Taney County Law Exhibit at WRVHS

Jail Graffiti

Taney County Sheriff Jimmie Russell tries his hand at carving graffiti (using nothing but a spoon) on the "jail cell" wall.

Visitors to the White River Valley Historical Society in Forsyth are invited to experience an activity common to prisoners housed in the historic Taney County jail during the Society’s latest exhibit. “Sin, ’Shine, and Sheriffs” includes pictures of courthouses, past sheriffs and elected officials, as well as takes a look at some of the well-known, and lesser-known, crimes committed over the years in the area.

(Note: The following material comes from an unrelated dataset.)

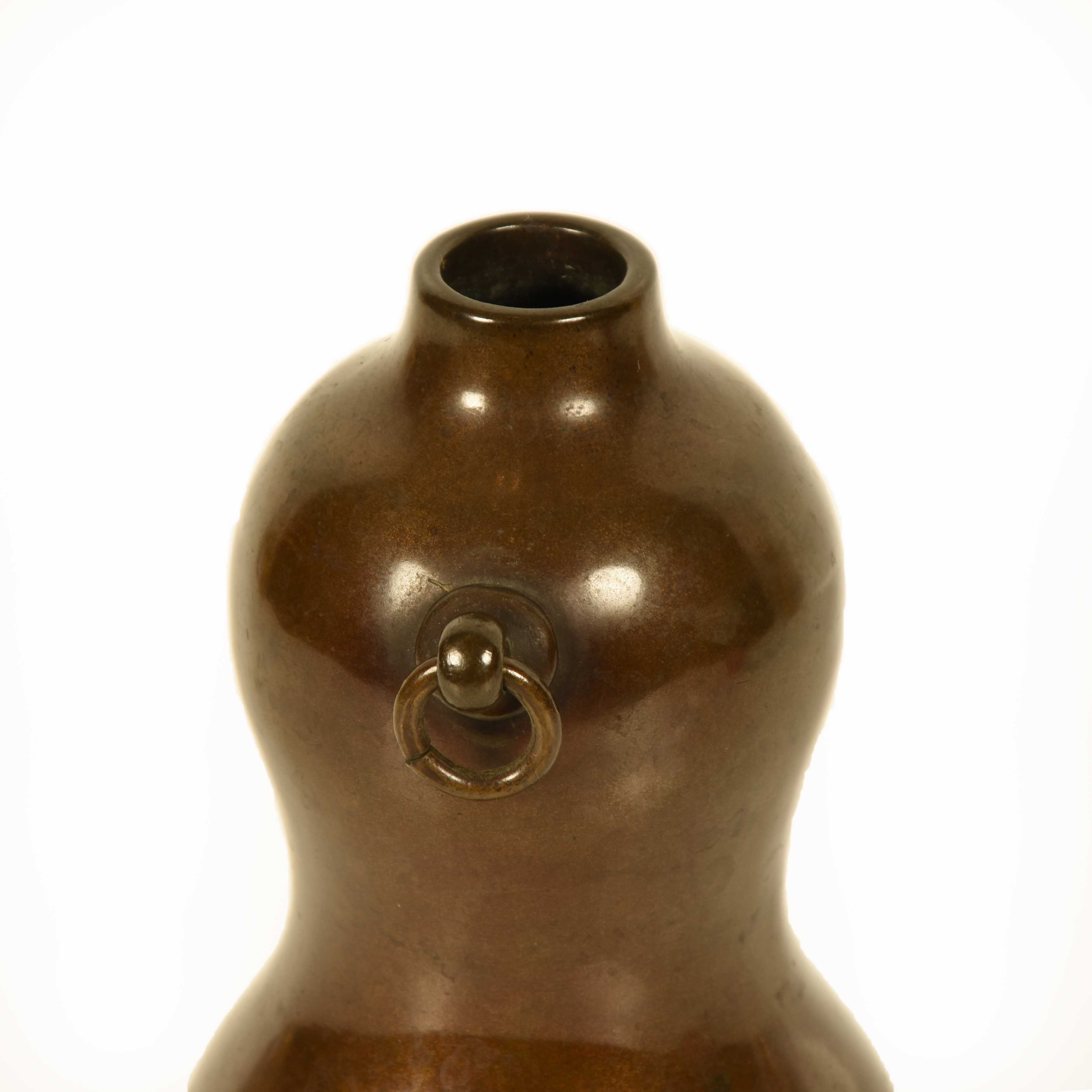 Japanese bronze wall vase in the shape of a gourd.

A popular part of the display is a collection of pictures showcasing the graffiti from the 100-year-old Taney County jail. This graffiti, apparently carved over the years by prisoners with their silverware or other implements, not only identifies the inmates’ names and locations, but also includes drawings and accusations. A “jail wall” built by the WRVHS exhibit crew, with spoons attached, invites visitors to carve their own graffiti—a process requiring a bit of muscle, leaving one to wonder how the prisoners accomplished so much on solid concrete walls.

The free exhibit will run through the end of October in the Society’s museum, located at 297 Main Street, Forsyth, across from the Judicial Center. Hours are Monday–Friday, 10:00–4:00.